Belgian Act on Shareholders’ Rights Impacts Public and Non-Listed Companies

April 28, 2011

The Belgian Act of Dec. 20, 2010, regarding the exercise of certain shareholders’ rights in listed companies (wet betreffende de uitoefening van bepaalde rechten van aandeelhouders in beursgenoteerde vennootschappen / Loi concernant l’exercice de certains droits des actionnaires de sociétés cotées ) was published in the Belgian Official Gazette on April 18, 2011 (the Act). The Act will enter into force on Jan. 1, 2012, as of which date the articles of association of the companies, where applicable, need to be amended in order to comply with the provisions of the Act.

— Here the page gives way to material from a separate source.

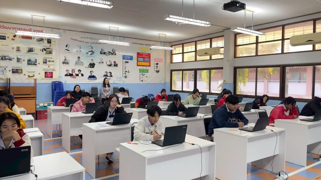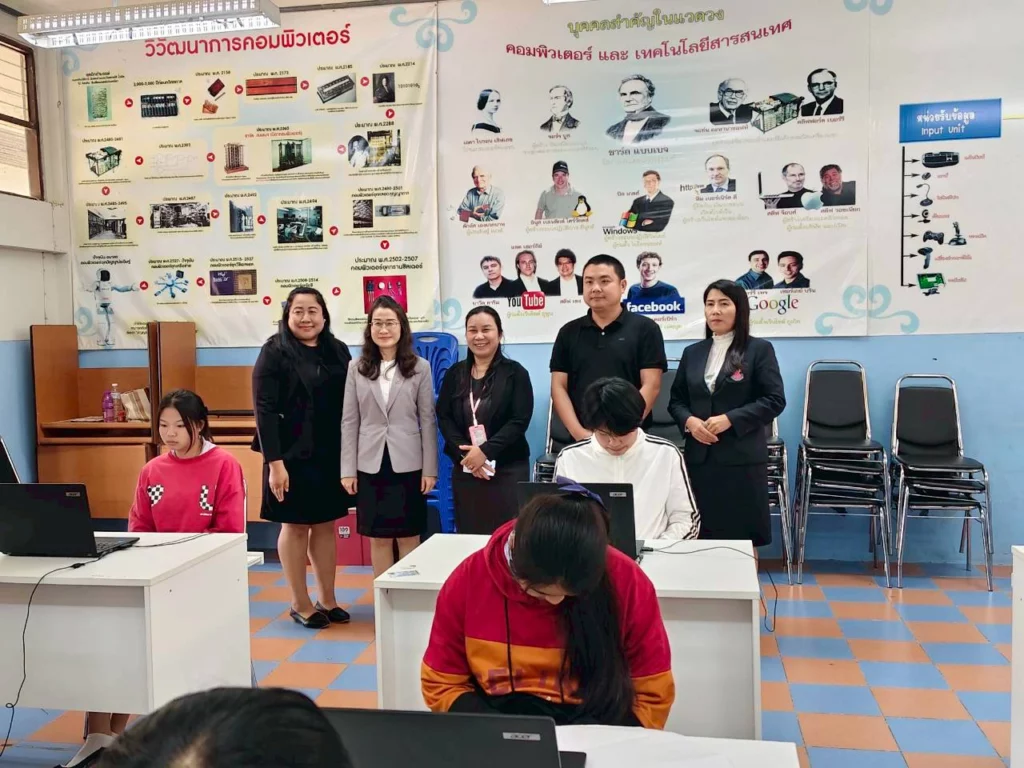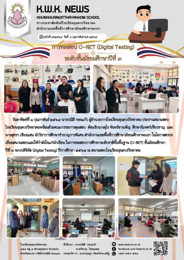 วันอาทิตย์ที่ ๑ กุมภาพันธ์ ๒๕๖๙ นางปณิธี กองแก้ว ผู้อำนวยการโรงเรียนขุนควรวิทยาคม ประธานสนามสอบโรงเรียนขุนควรวิทยาคมพร้อมด้วยคณะกรรมการคุมสอบ ต้อนรับนางอุไร จันทร์ซางเพ็ญ ศึกษานิเทศก์เชี่ยวชาญ และนางสุทรา เชียงแสน นักวิชาการศึกษาชำนาญการพิเศษ สำนักงานเขตพื้นที่การศึกษามัธยมศึกษาพะเยา ในโอกาสตรวจเยี่ยมสนามสอบและให้กำลังใจแก่นักเรียน ในการทดสอบการศึกษาระดับชาติขั้นพื้นฐาน (O-NET) ชั้นมัธยมศึกษาปีที่ ๓ ระบบดิจิทัล (Digital Testing) ปีการศึกษา ๒๕๖๘ ณ สนามสอบโรงเรียนขุนควรวิทยาคม

The title of the Act is somewhat misleading though as some of the new rules do not only apply to publicly listed companies, but also to some companies that are not listed on a stock exchange. This memorandum contains an overview of the main changes introduced by the Act.

  1. Changes that only apply to publicly listed companies.
  2. Changes applicable to listed and non-listed companies.
  3. Conclusion

The Act has direct consequences for all listed companies with respect to the organization of shareholders’ meetings as from Jan. 1, 2012. Where required, the articles of association of listed companies will need to be amended in order to comply with the provisions of the Act. Non-listed companies may also wish to modify their articles of association in order to allow for remote participation and (electronic) voting.